+++ Recorded data +++

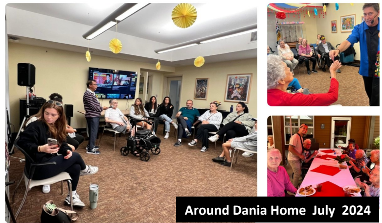
Around Dania Home July 2024
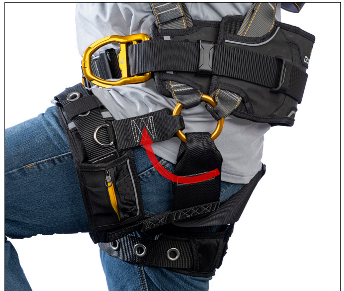
Full range of unrestricted movement
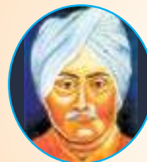
Lala Lajpat Rai: (1865-1928)

Frail of body but possessing heroic spirit, voluntarily opted for a life of self denial and renunciation. He fulfilled his pledge of 25 years of honorary service as the first Principal of the first DAV College at Lahore.
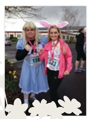
Swindon's Mad March Hare 10K Run.
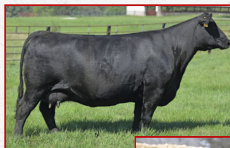
LOT 67'S DAM – JANSSEN BLACKCAP MAY 7079
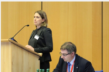
"The Pope from Behind the Iron Curtain"
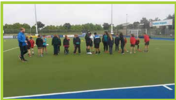
PALs Day, 22 March – football
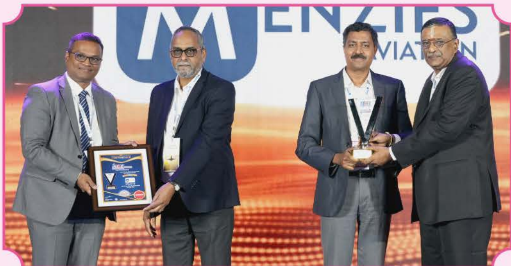
Menzies Aviation (Bengaluru) Private Limited (BASED ON VOLUME)
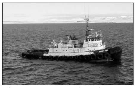
The Stacey Foss, near the Red Dog Mine Port in Alaskan Arctic

He also credited the tug and barge crews with responding effectively to help mitigate an on-land fuel spill at the port, putting their hazardous materials training to work to assist personnel
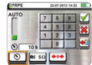
Selection of AUTO or TIMER measuring mode
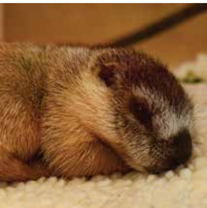
Orphaned Yellow-bellied Marmot
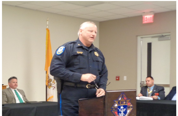
The Chief gave us a great talk on many topics his Officers expectations, traffic, drugs, crime, Mt. Pleasant growth and because of growth the need for more Officers.
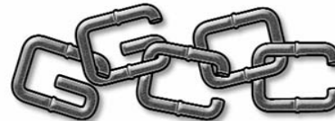
GREATER GEORGETOWN CHAMBER OF COMMERCE

The Greater Georgetown Chamber of Commerce is an excellent source of area information and a vital resource for businesses and visitors. Strong Chamber leadership working in partnership with town and county officials keeps business and tourism in Georgetown viable and competitive. The Chamber Office & Visitor Center is located in the Historic Georgetown Train Station.
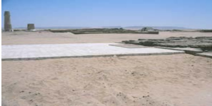
Between marker 3 and 4

Walk around the altar and towards and across the limestone pavement between the towers of the second pylon and continue towards the limestone pavement between the towers of the third pylon.
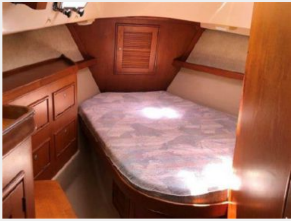
Forward stateroom berth
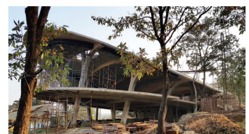
Shri Sai Dashama Ghar-Mumbai

Defense Research & Development Corporation-Hyderabad India : Design for sixteen residential buildings ranging in size from 650 sf to 2200 sf accommodating Scientist of varying seniority. Est. Completion Dec. 2020
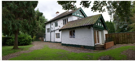
White House - existing front view
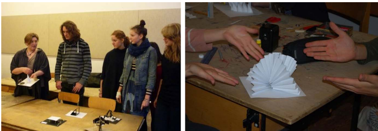
Fig. 3. A class for a form specializing in mathematics and architecture in Gdańsk Autonomous High School 8 (E. Marczak).
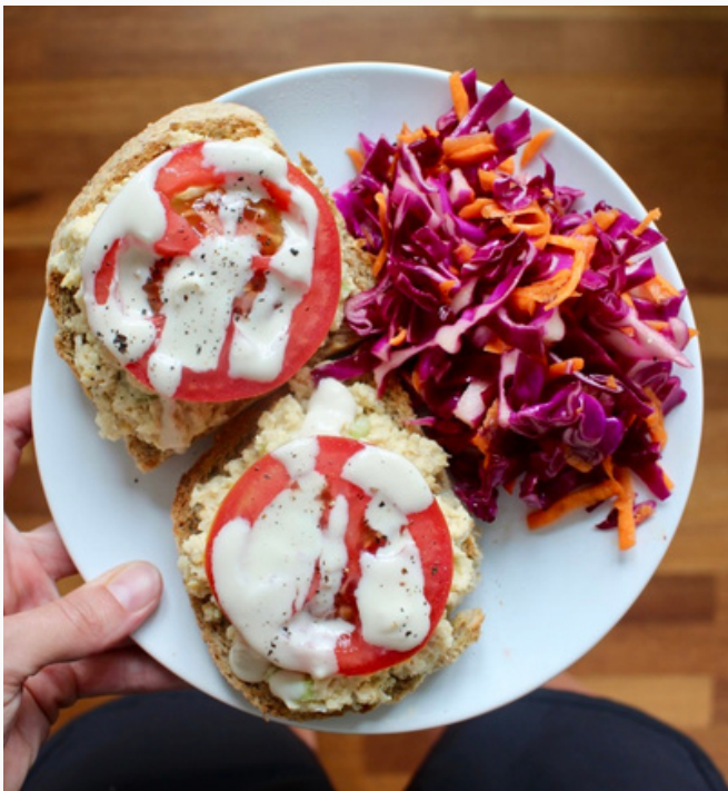
Make a chickpea salad sandwich (or open faced toasts) with the chickpea salad, tomatoes, lettuce and lemon tahini dressing. Serve with coleslaw.
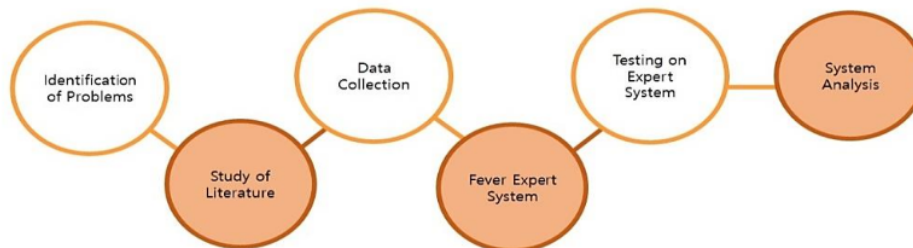
Figure 1. The Block Diagram on Fever Expert System Research

This expert system consists of several stages, namely problem identification, literature study, data collection, making a fever expert system, system testing, and system analysis as shown in Figure 1.
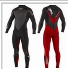
Video Of The Making Of Flotation Wetsuit
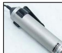
BELTCLIP for COS-11BP Belt clip parts for COS-11BP

Product features and specifications are subject to change without notice
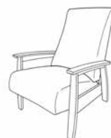
Glen Ellyn Manual Recliner
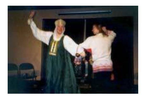
April 1 - A concert by Zolotoi Plyos, a Russian folk ensemble.
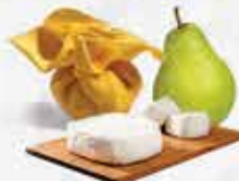
FAGOTTINI PEAR AND GORGONZOLA
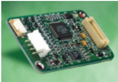
2216 combo controller board
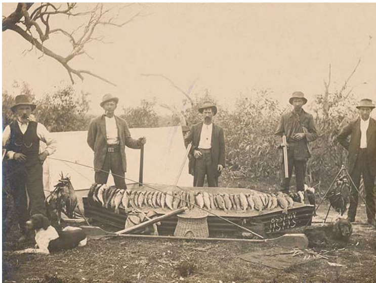
Early pastime - hunting and fishing. A very successful day! Note the unusual construction of the upturned boat.
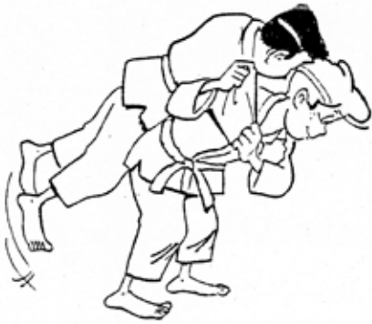
IPPON - SEOI - NAGE
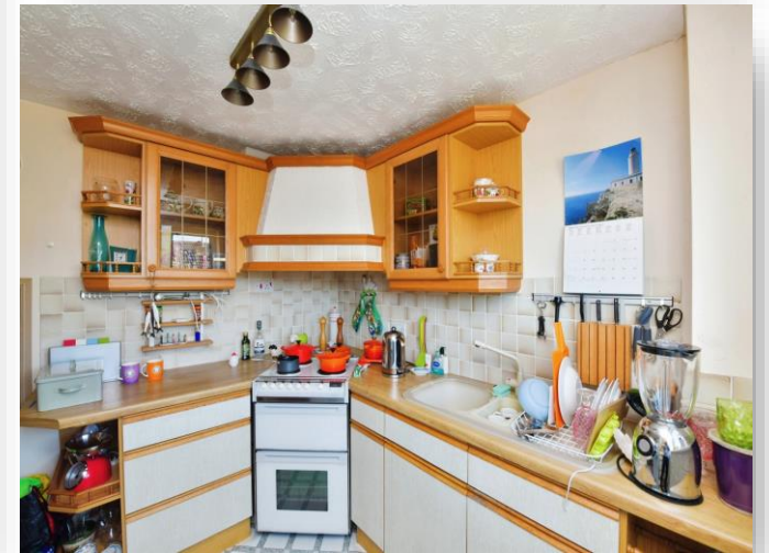
Yealmpstone Close, Plymouth PL7 1XL

+++

Assigned task:
The lines to retype begin with the one containing "Fig. 3. A class" and end with the last line of the records. Reproduce them exactly and omit the pictures.

Solution to the exercise:
Fig. 3. A class for a form specializing in mathematics and architecture in Gdańsk Autonomous High School 8 (E. Marczak).
Make a chickpea salad sandwich (or open faced toasts) with the chickpea salad, tomatoes, lettuce and lemon tahini dressing. Serve with coleslaw.
Figure 1. The Block Diagram on Fever Expert System Research

This expert system consists of several stages, namely problem identification, literature study, data collection, making a fever expert system, system testing, and system analysis as shown in Figure 1.
Video Of The Making Of Flotation Wetsuit
BELTCLIP for COS-11BP Belt clip parts for COS-11BP

Product features and specifications are subject to change without notice
Glen Ellyn Manual Recliner
April 1 - A concert by Zolotoi Plyos, a Russian folk ensemble.
FAGOTTINI PEAR AND GORGONZOLA
2216 combo controller board
Early pastime - hunting and fishing. A very successful day! Note the unusual construction of the upturned boat.
IPPON - SEOI - NAGE
Yealmpstone Close, Plymouth PL7 1XL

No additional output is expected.